(What to work on): Only the pictures are to be left out; return the rest of the data exactly as it stands.
(Records provided)
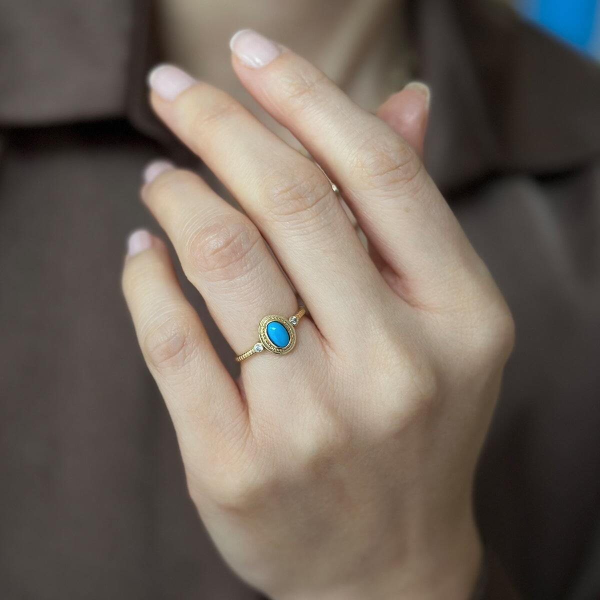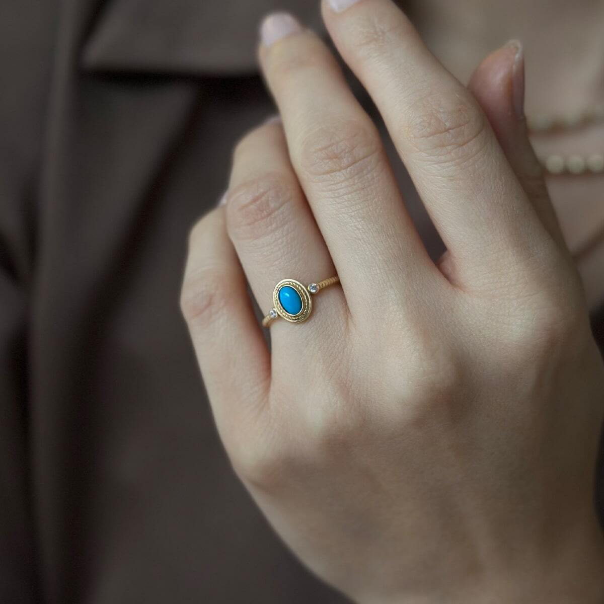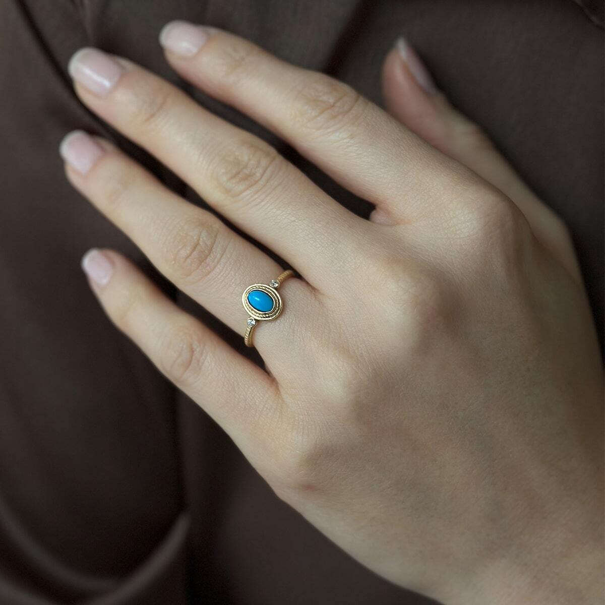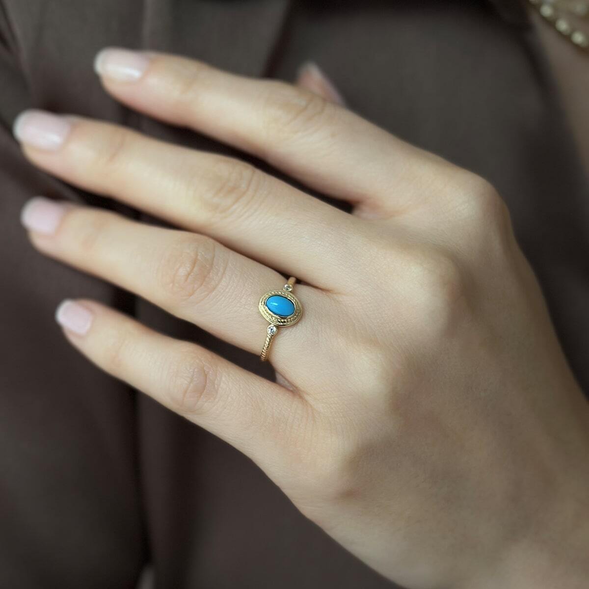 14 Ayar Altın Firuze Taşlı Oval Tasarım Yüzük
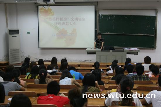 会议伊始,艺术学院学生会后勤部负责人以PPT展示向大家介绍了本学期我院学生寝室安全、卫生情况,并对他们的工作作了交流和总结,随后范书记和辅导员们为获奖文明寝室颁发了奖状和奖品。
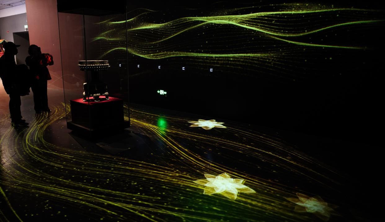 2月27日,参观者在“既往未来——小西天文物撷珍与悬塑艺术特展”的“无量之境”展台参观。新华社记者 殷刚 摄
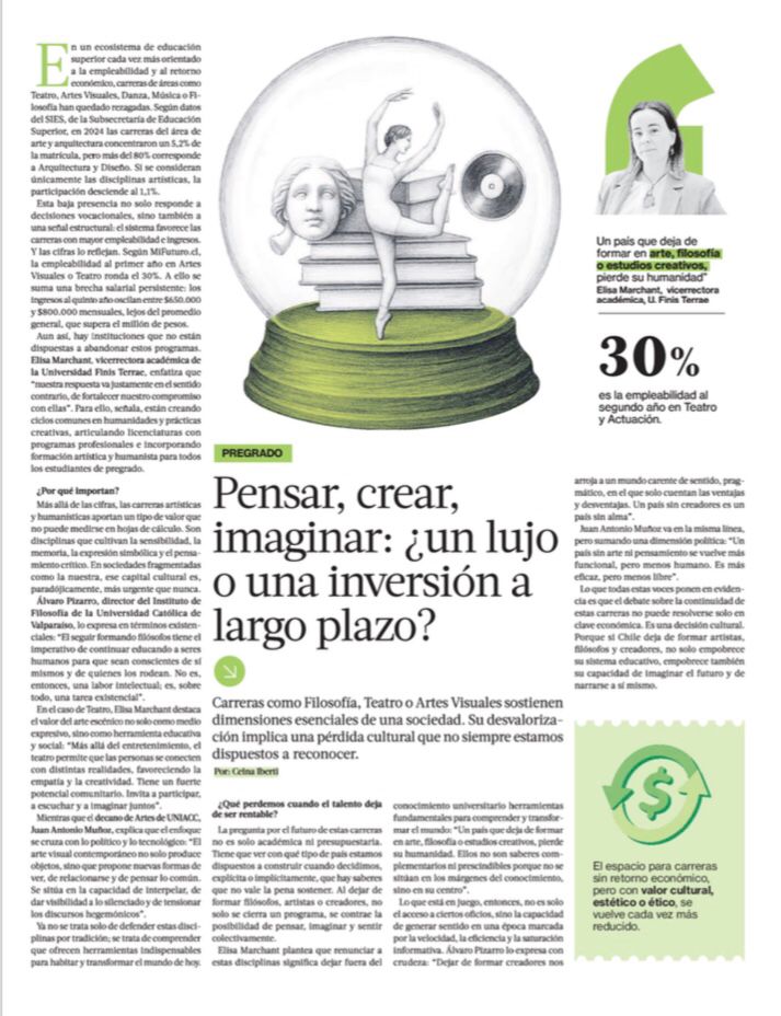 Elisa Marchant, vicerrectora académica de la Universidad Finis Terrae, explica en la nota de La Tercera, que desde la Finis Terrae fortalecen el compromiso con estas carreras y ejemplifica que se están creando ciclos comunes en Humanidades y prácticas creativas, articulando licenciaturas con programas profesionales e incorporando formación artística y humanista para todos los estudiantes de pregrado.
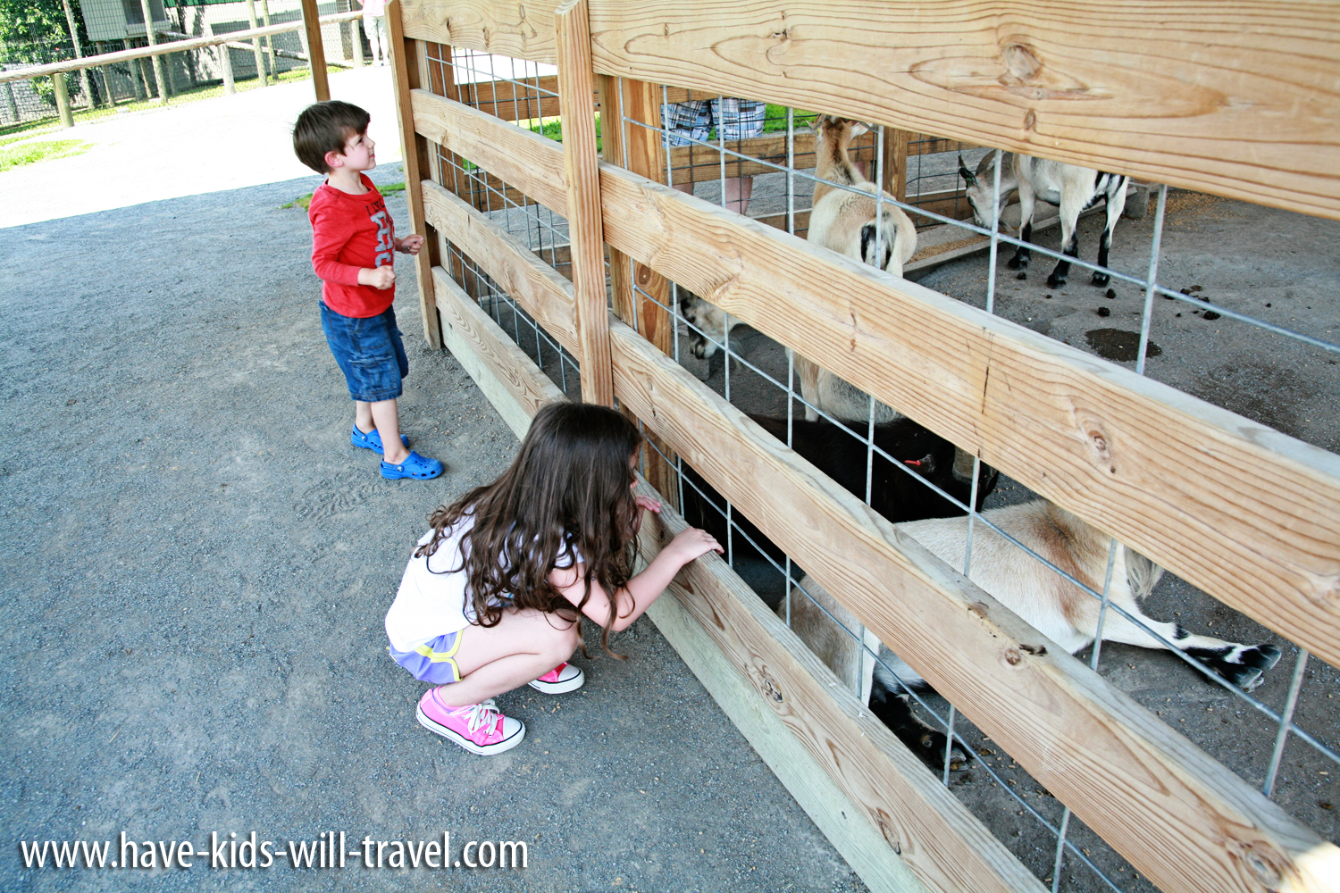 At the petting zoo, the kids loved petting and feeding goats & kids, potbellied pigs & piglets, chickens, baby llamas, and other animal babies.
(End Records provided)
(Result of this exercise):
 14 Ayar Altın Firuze Taşlı Oval Tasarım Yüzük
 会议伊始,艺术学院学生会后勤部负责人以PPT展示向大家介绍了本学期我院学生寝室安全、卫生情况,并对他们的工作作了交流和总结,随后范书记和辅导员们为获奖文明寝室颁发了奖状和奖品。
 2月27日,参观者在“既往未来——小西天文物撷珍与悬塑艺术特展”的“无量之境”展台参观。新华社记者 殷刚 摄
 Elisa Marchant, vicerrectora académica de la Universidad Finis Terrae, explica en la nota de La Tercera, que desde la Finis Terrae fortalecen el compromiso con estas carreras y ejemplifica que se están creando ciclos comunes en Humanidades y prácticas creativas, articulando licenciaturas con programas profesionales e incorporando formación artística y humanista para todos los estudiantes de pregrado.
 At the petting zoo, the kids loved petting and feeding goats & kids, potbellied pigs & piglets, chickens, baby llamas, and other animal babies.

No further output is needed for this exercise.